Segment Open

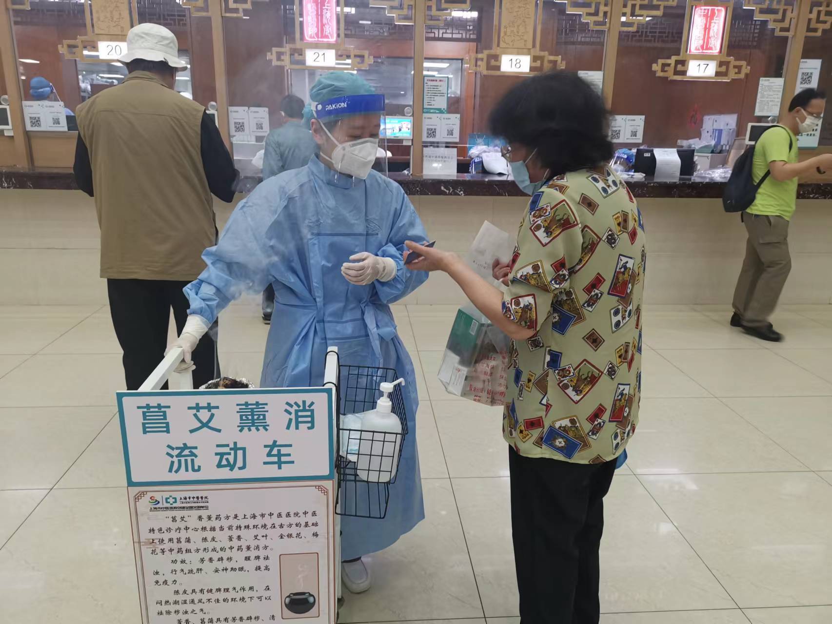 众所周知,新冠病毒的传播方式除了飞沫传播和接触传播两种外,气溶胶传播途径同样不能忽略,有效的空气消毒是控制病毒传播,防止交叉感染的重要防治手段。近期,随着疫情防控形势逐步好转,医院门诊就医者骤增,又时值仲夏五月,天气日渐潮热,大家最担心的事情莫过于就医过程中的自我防护问题。上海市中医医院运用中医独特的传统优势,将纯天然的中药制作成香薰药方,每天由专业护理人员推着自制的“菖艾”薰消流动车,定时对门诊大厅、各专科诊室、医技科室等进行香薰除疫。
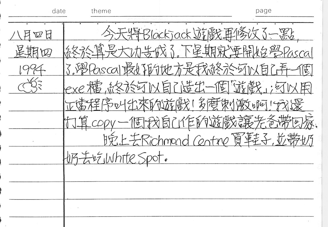 以下是30年前的今天(1994年8月4日)當時17歲的我所親筆寫下的日記:
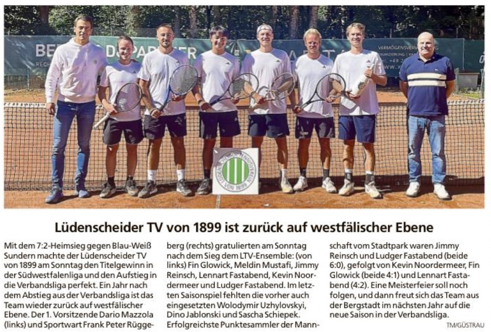 Mit insgesamt sieben Erwachsenen- und acht Jugendmannschaften ist der LTV 1899 sportlich sehr gut aufgestellt. Die 1. Herren spielen seit Jahren auf Verbandsniveau und auch die Jugendmannschaften – zuletzt die Junioren U12 mit dem Westfalenmeistertitel – behaupten sich erfolgreich im Verband. Den LTV 1899 finden Sie hier auf der offiziellen Webseite des WTV.
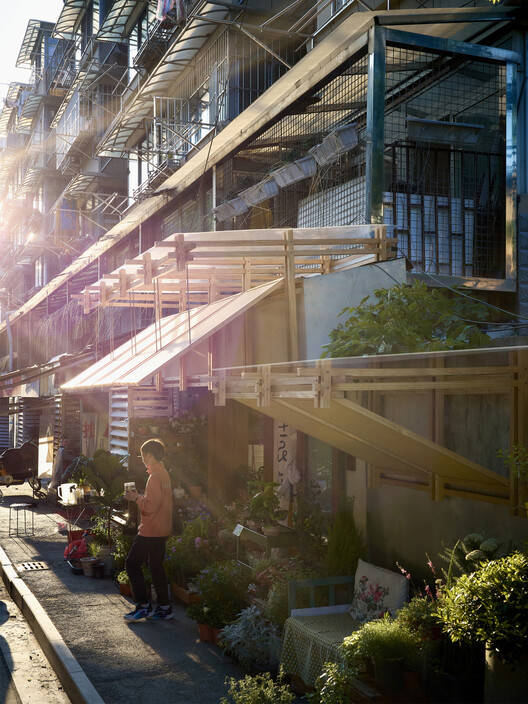空间与社区的互动:“笠檐”项目不仅仅是一个建筑设计,更是一次对城市微型公共空间的积极改造与利用。项目巧妙地利用了二楼阳台的结构,巧妙地避开了对原有建筑的过多干预。通过增加节点密度、突出杆件的层叠,营造出温暖、亲切的氛围,吸引了周围居民和行人的驻足。项目在改善街道环境品质的同时,也促进了社区的互动,体现了建筑师对城市肌理和社区文化的深刻理解。这种设计理念,为城市更新和街区活化提供了有益的参考,实现了建筑与社区的共生共荣。
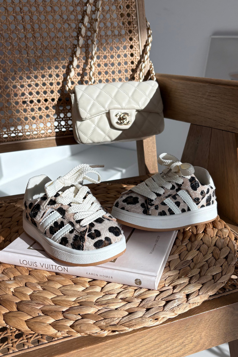 Kindersportschuhe Sneakers mit Leopardenfell-Muster in Sandfarbe, Amelle
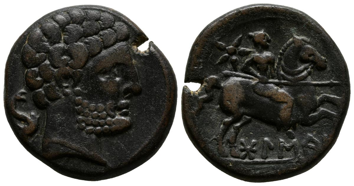 BOLSCAN. As. 180-20 a.C. Huesca. A/ Cabeza barbada a derecha, detrás delfín. R/ Jinete con lanza a derecha, encima estrella. FAB-1918. Ae. 9,72g. MBC+.
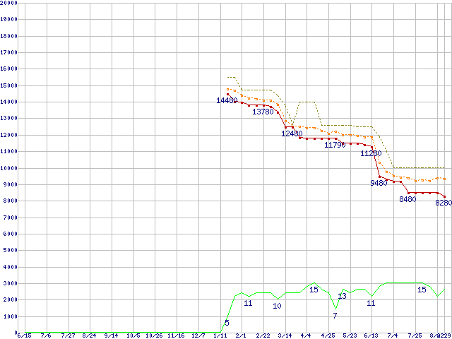 | Athlon X2 5400 (2.8GHz,L2 512KB×2)の価格推移 | | | (2007年6月15日~2008年8月29日) |
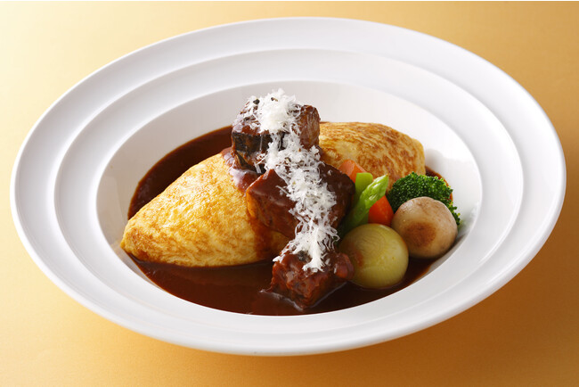 スパイシーに仕上げたホテルオリジナルブレンドの八穀米"Jシリアル"のオムライスに、柔らかく煮込んだ*尾崎牛のビーフシチューをかけた逸品。

Segment Closed

**Exercise objective:**
Locate "Kindersportschuhe Sneakers mit" in the entries above. Copy, exactly and only, the lines from that line to the end, leaving out the pictures.

**Exercise answer:**
 Kindersportschuhe Sneakers mit Leopardenfell-Muster in Sandfarbe, Amelle
 BOLSCAN. As. 180-20 a.C. Huesca. A/ Cabeza barbada a derecha, detrás delfín. R/ Jinete con lanza a derecha, encima estrella. FAB-1918. Ae. 9,72g. MBC+.
 | Athlon X2 5400 (2.8GHz,L2 512KB×2)の価格推移 | | | (2007年6月15日~2008年8月29日) |
 スパイシーに仕上げたホテルオリジナルブレンドの八穀米"Jシリアル"のオムライスに、柔らかく煮込んだ*尾崎牛のビーフシチューをかけた逸品。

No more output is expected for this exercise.